After a day and a half of horrified fact-checking online, the researcher acknowledged her mistakes, and claims to be in touch with the journal that published her work. MSNBC excised discussion of the article in their column and appended a brief editor’s note explaining the correction. The column’s author deleted her own tweets that pointed directly to the false statistics — though as of today MSNBC still has one of theirs published. Snopes stepped in. But it’s too late — the phrases highlighted in the original tweets and centered in the original column are still circulating on social media and in a world of second-tier outlets that quickly repackaged MSNBC’s content and broadcast it as their own. Many of them claim to speak as or on behalf of marginalized people; today, that original framing from the MSNBC column — and the false findings centered there — are beginning to spread in non-Western outlets. The false findings and their uptake in the media might be heading towards a new life as an anti-science, anti-feminist meme. The manosphere points and says: “See? You can’t trust academics!” “You can’t trust journalists!”.

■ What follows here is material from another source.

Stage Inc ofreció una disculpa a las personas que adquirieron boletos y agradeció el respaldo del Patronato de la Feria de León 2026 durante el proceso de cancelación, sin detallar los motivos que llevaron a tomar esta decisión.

Plenty of scholars have focused their attentions on the impact of the pandemic in this space with rigorous, careful research — our own query on COVID-related studies in journals like Violence Against Women, Journal of Family Violence, Journal of Sexual Aggression, and Partner Abuse yielded 38 results, with more likely in the pipeline; there are folks out here doing this work, and doing it well. But with issues this important, you have to get things right the first time.

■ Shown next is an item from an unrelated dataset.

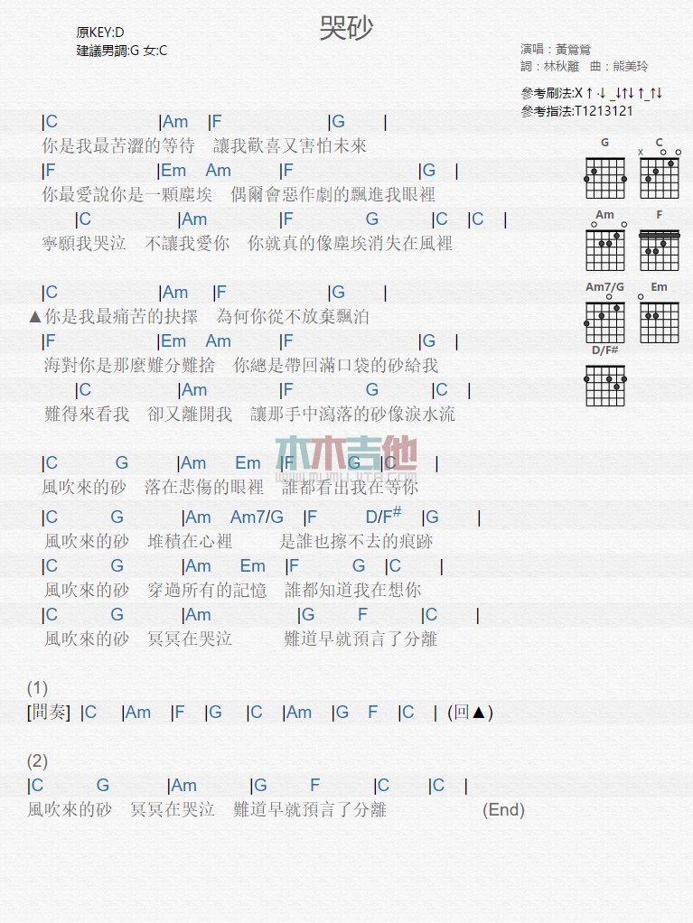 哭砂吉他谱 - 黄莺莺 - 吉他弹唱谱

How did this article get through peer review? Like the author, the journal’s reviewers and editors seemed to have been glamoured by the shine, tech fetishism, and naive empiricism of even the most poorly executed digital methods — without the methodological humility to work together with colleagues from information science, or at least check in with someone familiar with the basic workings of tools like Google. If we want to catch scientific missteps like these, we must recognize that good science takes time. And this mishap shows how desperately we need more robust digital literacy education at all stages of life — because if PhDs don’t understand the basics of what Google returns are and what they are telling us, what hope do the rest of us have?
**Update: The article was retracted on May 19, 2021, a few weeks after this article came out. No information has yet been forthcoming about the peer review or editorial process, to our knowledge.